Special duty must be demonstrated in order to recover for an alleged negligent performance of a governmental function
2014 NY Slip Op 04464, Appellate Division, Second Department
While employed by the New York City Department of Education (Department) as a school social worker [Worker] allegedly was injured when two kindergarten students collided with her in a school hallway. Worker commenced an action against the Department and the City of New York, alleging negligent supervision.

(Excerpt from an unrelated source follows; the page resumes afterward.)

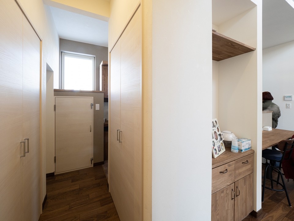 キッチンは希望通り回遊式動線になっています。玄関ホールを直進すると、両脇の壁に収納があり、突き当たりが食品庫。野菜やビール缶などはこちらにストックできます。さらに右に回ればキッチンです。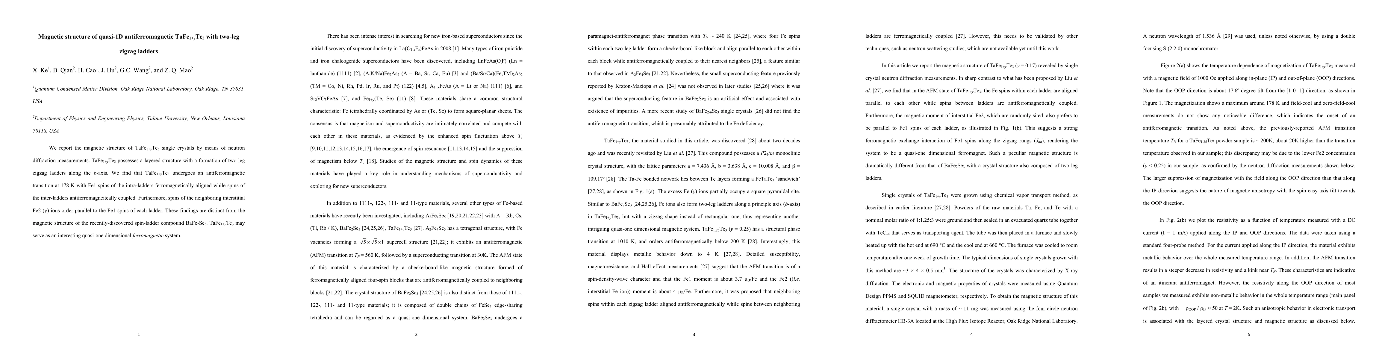 TaFe1+yTe3 exhibits an antiferromagnetic transition at 178 K with ferromagnetically aligned Fe1 spins in zigzag ladders, unlike the spin-ladder compound BaFe2Se3.

The Supreme Court granted Department's motion for summary judgment dismissing the complaint. The Appellate Division sustained the lower court’s ruling. The court explained that a school district may not be held liable for the negligent performance of its governmental function of supervising children in its charge, “at least in the absence of a special duty to the person injured.” Under the doctrine that a school district acts in loco parentis with respect to its minor students, a school district owes a "special duty" to the students themselves in contrast to owing a special duty to teachers, administrators, and other adults on or off of school premises. Thus a school district may be held liable to a student when it breaches that duty, so long as all other necessary elements of a negligence cause of action are established.
In contrast, this special duty owed to the students themselves does not, as a general matter, carry over to teachers, administrators, and other adults on or off of school premises.
Here, said the Appellate Division, the Department established prima facie, that it did not owe the Worker a special duty and Worker did not raise a triable issue of fact.